While the charcoal burned down to the white and glowing embers, we prepared the butts. Right before we left the house, I grabbed a few sprigs of rosemary, sage, and chives and put them in a little water in a glass on the window sill. The chives are for later, right now all I need is rosemary and sage finely chopped. Then I added lots of pepper, garlic, salt, paprika, and onion powder. The rub smelled divine, perfect for the pork. We laid a layer of heavy duty tin foil across the top of the cooker rack, and massaged the rub into the pork. Then we shut the lid and watched as the temperature gauge climbed to 300 degrees. It stayed steadily between 300 and 325, sending smoke curls up and aromas out. Meanwhile, I made us a couple of pina coladas and Tony set up lounge chairs by the old house. We put on some feisty bluegrass – not something I usually listen to but perfect for the surroundings – and we laughed and danced through the fields of alfalfa while the cooker worked its magic.
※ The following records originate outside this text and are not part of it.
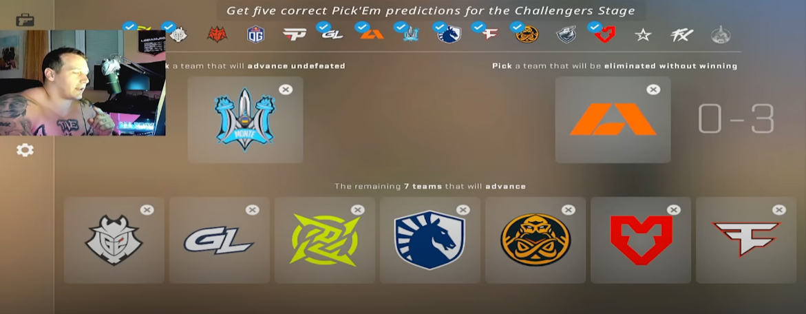 По мнению черногорца, в стадию «Легенд» пройдут G2, GamerLegion, Ninjas in Pyjamas, Liquid, Ence, Mouz и Faze. Со счетом 3-0 стадию «Претендентов» завершит Monte, а 0-3 – Apeks.
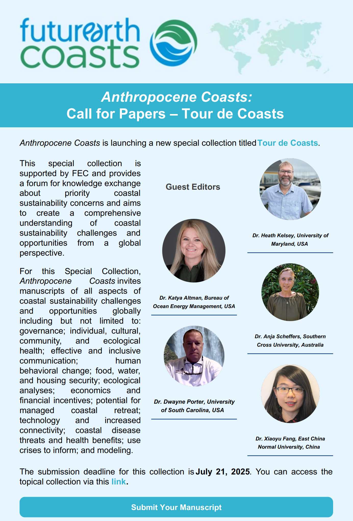 It has long been the goal to begin meaningful knowledge exchange among the global network of Future Earth Coasts (FEC) affiliated researchers and practitioners, and communities engaged with them. These partners have unique understandings of coastal sustainability issues reflective of a variety of coastal system types, geographies, and socio-economic realities. This special collection is supported by FEC and provides a forum for knowledge exchange about priority coastal sustainability concerns and aims to create a comprehensive understanding of coastal sustainability challenges and opportunities from a global perspective.
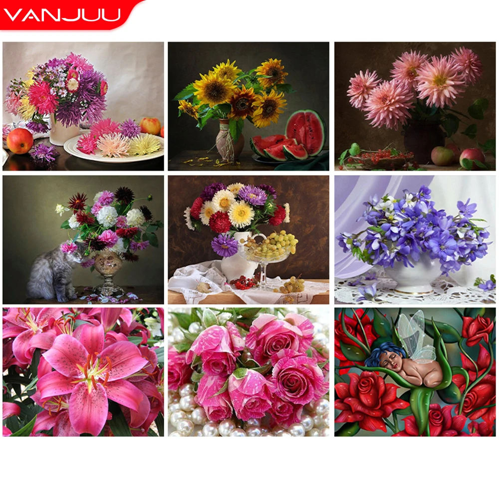 VANJUU 5D алмазная живопись, цветы, круглые бриллиантовые фотонабор...
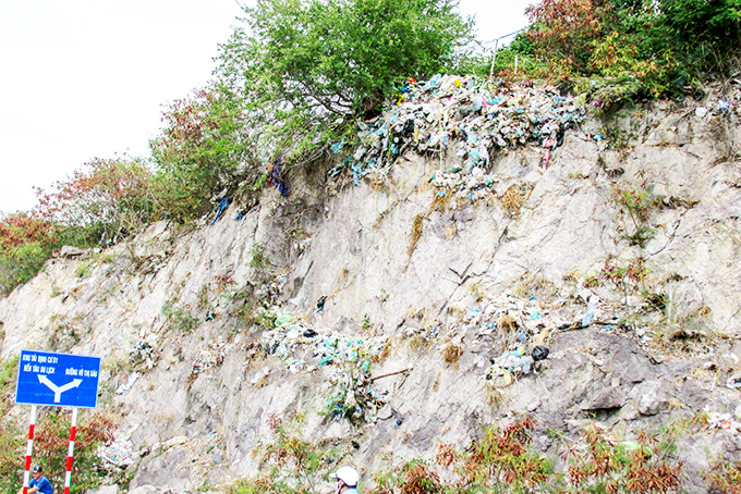 Trên đường vòng núi Chụt, đoạn sát ngã ba đường vòng núi Chụt - đường vào Khu tái định cư S1 và bến tàu du lịch, phường Vĩnh Trường, thành phố Nha Trang có một số hộ dân sống trên núi xả rác bừa bãi ra sườn núi, rác rơi xuống đường và bay tứ tung gây mất vệ sinh, ảnh hưởng xấu đến cảnh quan môi trường.
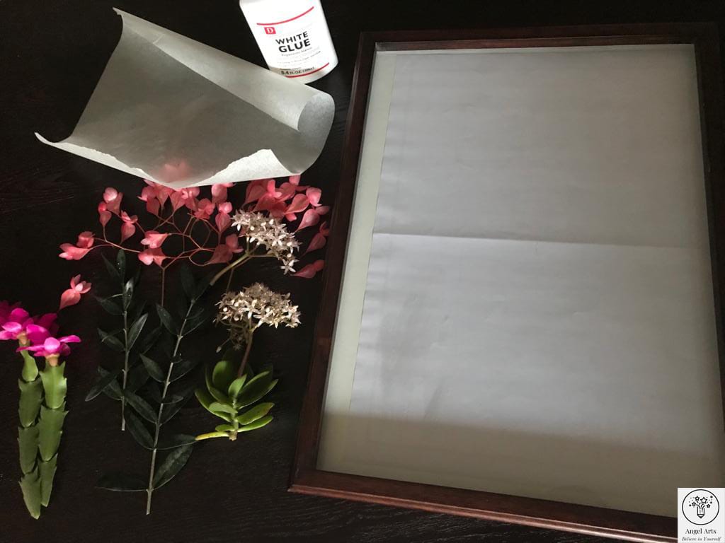 Collect your favourite flowers from your garden. You can press flowers in a book, and leave it for one week. As the flower is pressed, it will dry out, causing moisture to be absorbed. You can use dense books on the top of the book to press your flowers. Once they look ready, you can arrange them on the cardboard .You can use elmers white glue to stick the flowers before they are to be framed.
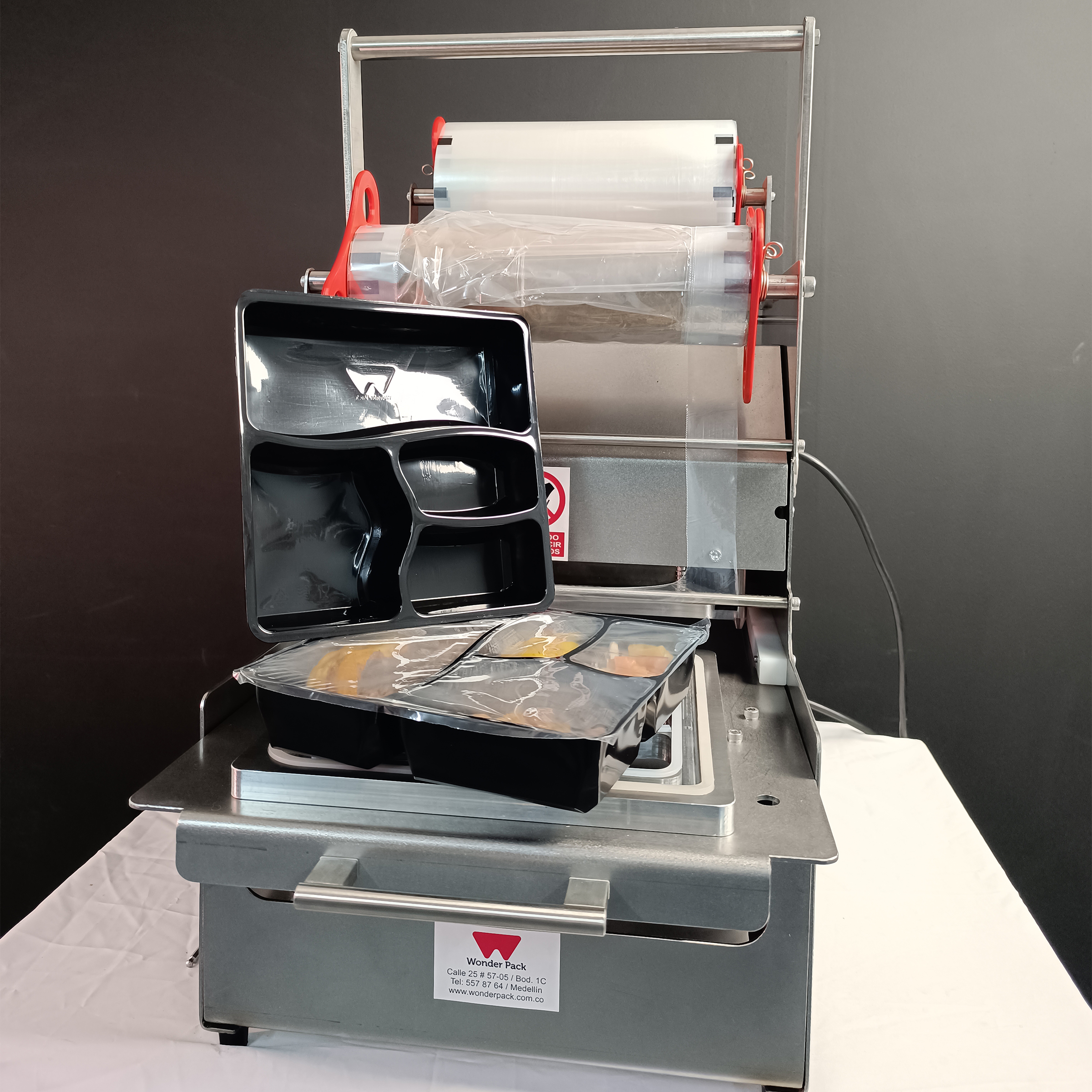 Medidas: Largo: 43 cm Ancho: 37 cm Alto: 68 cm Peso Neto: 35 Kg Peso Bruto: 38 Kg Conexión eléctrica: 110 V – 60 Hz Operación de la máquina: manual Tiempo de sellado: 6-10 segundos por unidad Capacidad de sellado por hora: minimo 500 unidades Capacidad Bandeja con 4 divisiones Bandejas de 22 cm x 22 cm medidas intermas Uso para almuerzos con contenido para 12 onzas sopas, snacks u otros Empaque suministrado por Wonder Pack.

We were celebrating our twenty-seventh anniversary, so dancing seemed appropriate.
About two and a half hours later, we added potatoes wrapped in foil. Then I made a few cornbread muffins and some coleslaw. I also made a vinegar style sauce by taking a few barbecue sauces, spicing them up and cutting the thickness with a little apple cider vinegar. Yum!
(In North Carolina we like vinegar based sauces with our barbecue. In Virginia, I just make it up to suit my tastes from whatever is available mixed with some good vinegar.)
It took about four hours to completely cook and an hour and a half for the potatoes. But the result was well worth it. And we have more than a gallon left to take back home. What we don’t eat today – our son will probably make a large dent in it – can be frozen in quart bags. And it’s easy to thaw and retains its great flavor. On nights when I’m pushed for time, I love knowing that I can have a decent meal put together in a few minutes.
This morning we arose to another misty foggy sky. It wasn’t as dense as yesterday’s, and I actually like the mist rising between the mountain peaks and curling like smoke.
It’s going to be another nice day in Southwest Virginia and we have our dinner already prepared!